Records excerpted from a collection
----

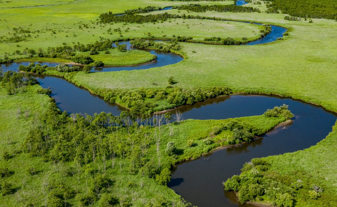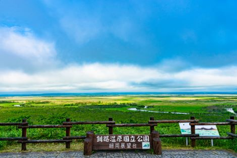 釧路濕原位於北海道東部的釧路市北面,是日本第一個在拉姆薩爾條約(有關水禽生息地的國際條約)上登記的濕地。總面積 183 平方公里,十分遼闊。這裏生息著北海道鹿(蝦夷鹿),白尾雕等2000 種動植物。一到夏天,百花爭奇鬥豔,而寒冬時節還會有特別天然紀念物丹頂鶴的光臨。而周圍的丘陵上建造了幾座瞭望台,方便遊客登上觀覽天地廣闊的大自然美景。漫步在瞭望臺旁的散步路上,近可俯看蜿蜓的釧路川,遠可眺望阿寒的群峰。
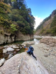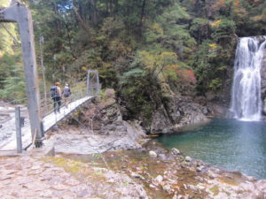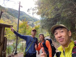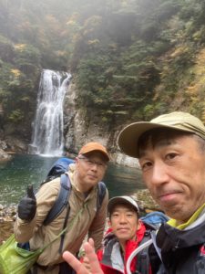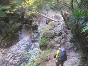 今年は暖かいためか紅葉が遅く、色づき始めという感じでしたが、2日間共に天候に恵まれ、ひとけが少ない渓谷にて、それぞれに個性的な美しさの滝々や水面、貸し切り状態となった静かな小屋での風呂・食事・酒・布団熟睡といったしみじみとした楽しみのある山行となりました。
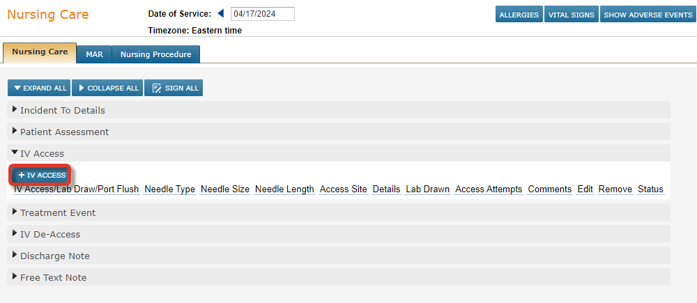 When documenting an IV infusion, always capture the IV information in the IV Access section under Nursing Care in the patient chart.
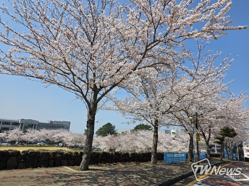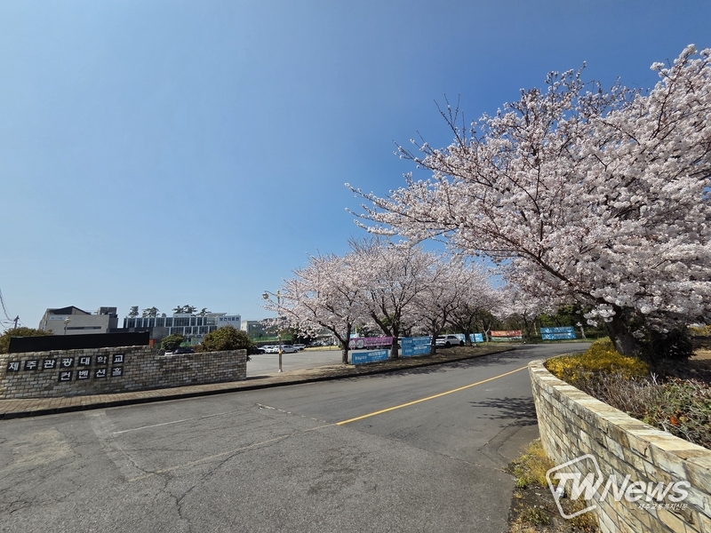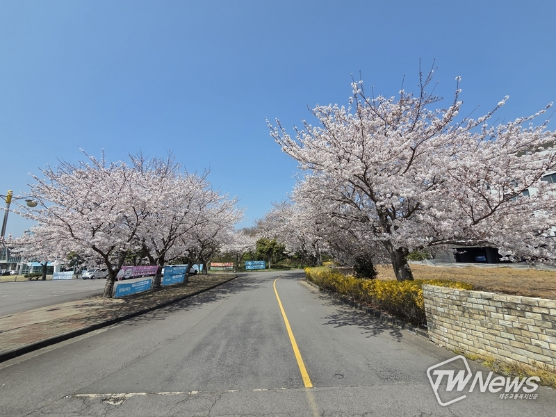 제주시 제주관광대학교 캠퍼스 일대에 벚꽃이 만개해 봄 정취를 더하고 있다. 도로를 따라 이어진 벚나무들이 흐드러지게 꽃을 피우며 방문객과 학생들의 발길을 모으고 있다. (사진=이문호 기자)
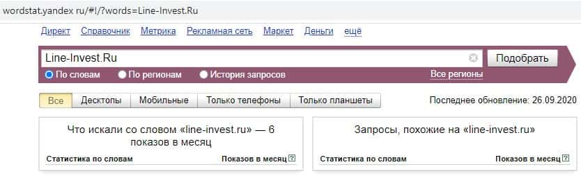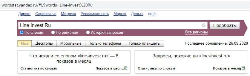 Начинаем с запросов на английском языке. Первый запрос в Яндекс на английском языке с одним пробелом и без точки "Line-Invest Ru" выдает результат в 6 показов в месяц.
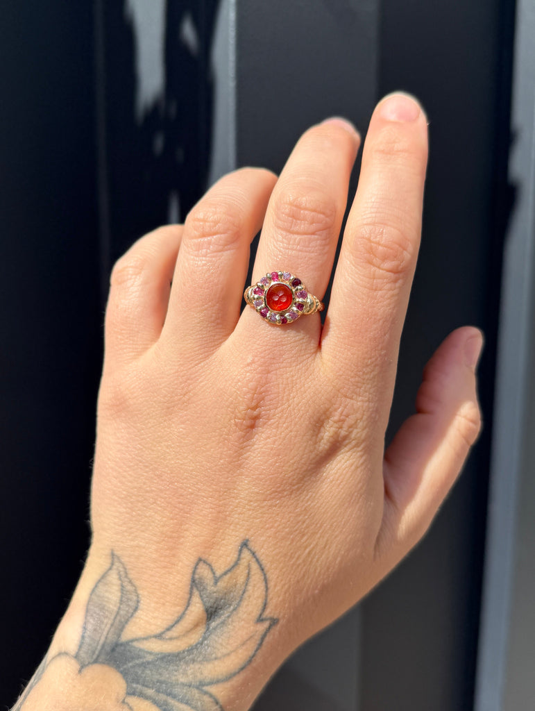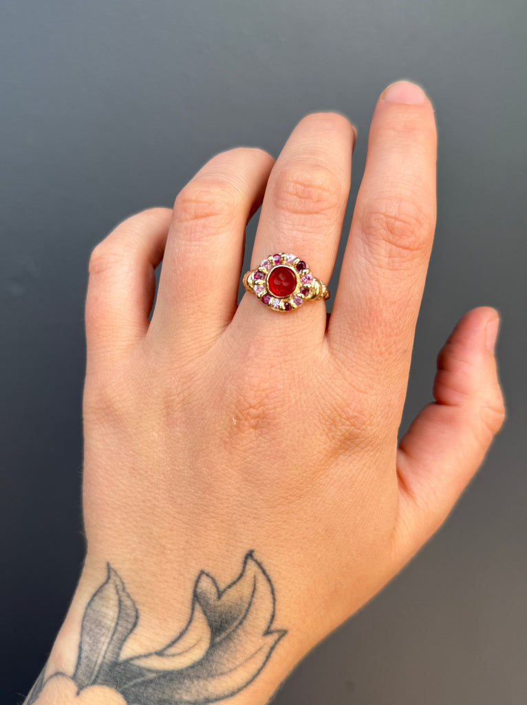 9-karat recycled yellow gold, antique intaglio agate, pink sapphires, rubies

----

> PROBLEM REQUIREMENTS
Quote exactly, and only, the lines from the line containing "제주시 제주관광대학교 캠퍼스" through the final line of the records above, both included, omitting any pictures.

> YOUR SOLUTION
 제주시 제주관광대학교 캠퍼스 일대에 벚꽃이 만개해 봄 정취를 더하고 있다. 도로를 따라 이어진 벚나무들이 흐드러지게 꽃을 피우며 방문객과 학생들의 발길을 모으고 있다. (사진=이문호 기자)
 Начинаем с запросов на английском языке. Первый запрос в Яндекс на английском языке с одним пробелом и без точки "Line-Invest Ru" выдает результат в 6 показов в месяц.
 9-karat recycled yellow gold, antique intaglio agate, pink sapphires, rubies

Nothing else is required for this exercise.